On February 11, the Centers for Medicare and Medicaid Services (“CMS”) released the display copy of the Final Rule on the Reporting and Returning of Overpayments (“Final Rule”), which was published in the Federal Register on February 12, 2016. Click here for the link to the Final Rule text. The Final Rule is effective March 14, 2016.
Section 1128J(d) of the Social Security Act provides that an overpayment must be reported and returned by the later of — (i) the date which is 60 days after the date on which the overpayment was identified; or (ii) the date any corresponding cost report is due, if applicable. CMS stated that the Final Rule provides needed clarity and consistency for providers and suppliers on the actions they need to take to comply with requirements for reporting and returning of self-identified overpayments.
Summary of the Major Provisions of the Final Rule
- CMS Clarified the Definition of “Identified”:
The Final Rule states that a person has identified an overpayment when the person has or should have, through the exercise of reasonable diligence, determined that the person has received an overpayment and quantified the amount of the overpayment. CMS provided the following examples of “identification”:
- A provider of services or supplier reviews billing or payment records and learns that it incorrectly coded certain services, resulting in increased reimbursement.
- A provider of services or supplier learns that a patient death occurred prior to the service date on a claim that has been submitted for payment.
- A provider of services or supplier learns that services were provided by an unlicensed or excluded individual on its behalf.
- A provider of services or supplier performs an internal audit and discovers that overpayments exist.
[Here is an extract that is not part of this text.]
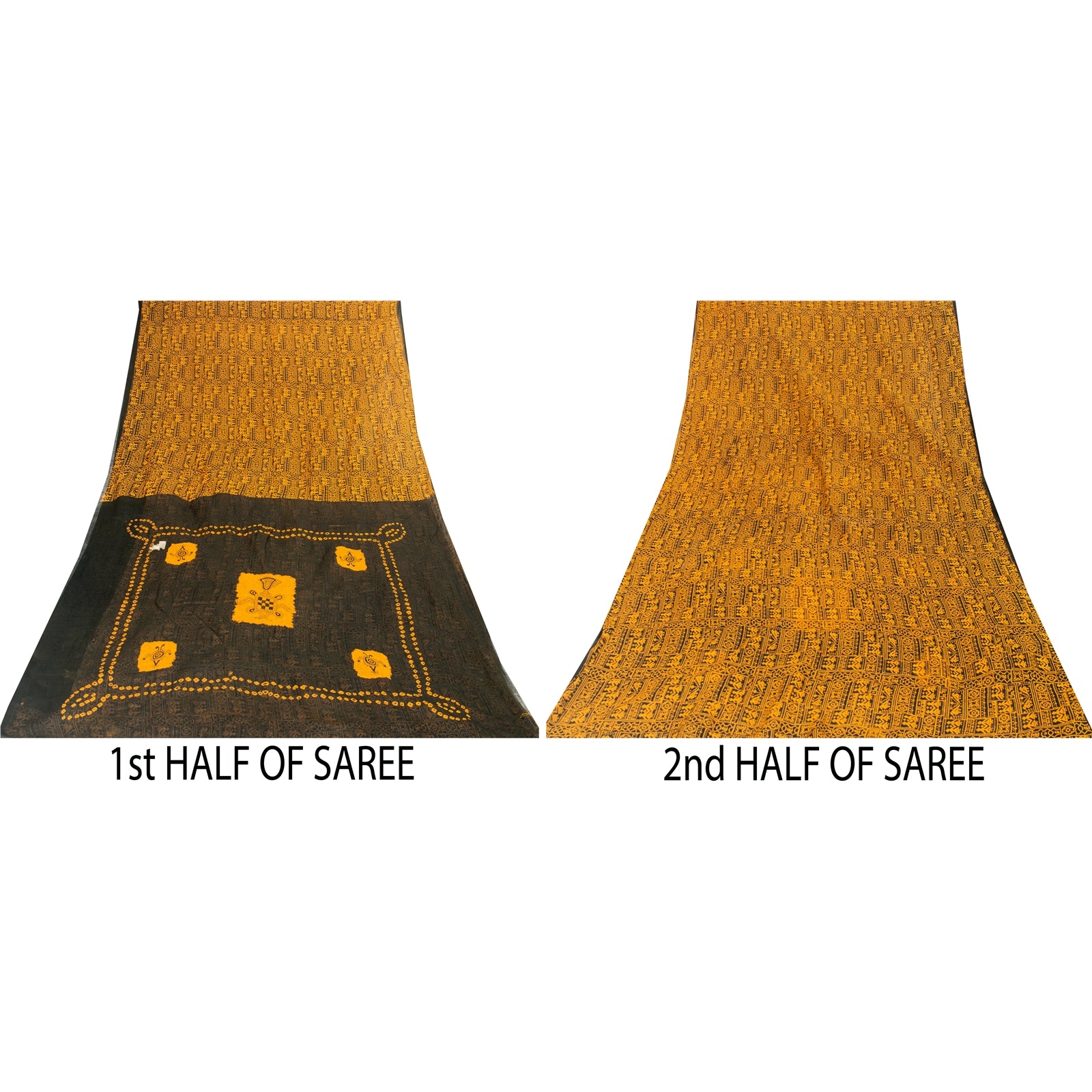 Sanskriti Vintage Sarees Black & Yellow Pure Cotton Print Sari 5+yd Craft Fabric

- A provider of services or supplier is informed by a government agency of an audit that discovered a potential overpayment, and the provider or supplier fails to make a reasonable inquiry. (When a government agency informs a provider or supplier of a potential overpayment, the provider or supplier has a duty to accept the finding or make a reasonable inquiry. If the provider’s or supplier’s inquiry verifies the audit results, then it has identified an overpayment and, assuming there is no applicable cost report, has 60 days to report and return the overpayment,. Failure to make a reasonable inquiry, including failure to conduct such inquiry with all deliberate speed after obtaining the information, could result in the provider or supplier knowingly retaining an overpayment because it acted in reckless disregard or deliberate ignorance of whether it received such an overpayment).
- A provider of services or supplier experiences a significant increase in Medicare revenue and there is no apparent reason – such as a new partner added to a group practice or a new focus on a particular area of medicine – for the increase. However, the provider or supplier fails to make a reasonable inquiry into whether an overpayment exists. (When there is reason to suspect an overpayment, but a provider or supplier fails to make a reasonable inquiry into whether an overpayment exists, it may be found to have acted in reckless disregard or deliberate ignorance of any overpayment.)
2. CMS Clarified the Meaning of “Quantified”:
- CMS clarified that when a person obtains credible information concerning a potential overpayment, the person needs to undertake reasonable diligence to determine whether an overpayment has been received and to quantify the amount. The 60-day time period begins when either: 1) the reasonable diligence is completed; or 2) on the day the person received credible information of a potential overpayment if the person failed to conduct reasonable diligence and the person in fact received an overpayment.
- CMS recognized that quantifying the amount, which includes any auditing work necessary to calculate the overpayment amount, must happen before the overpayment can be reported and returned.
- CMS further clarified that the quantification of the amount of the overpayment may be determined using statistical sampling, extrapolation methodologies, and other methodologies as appropriate.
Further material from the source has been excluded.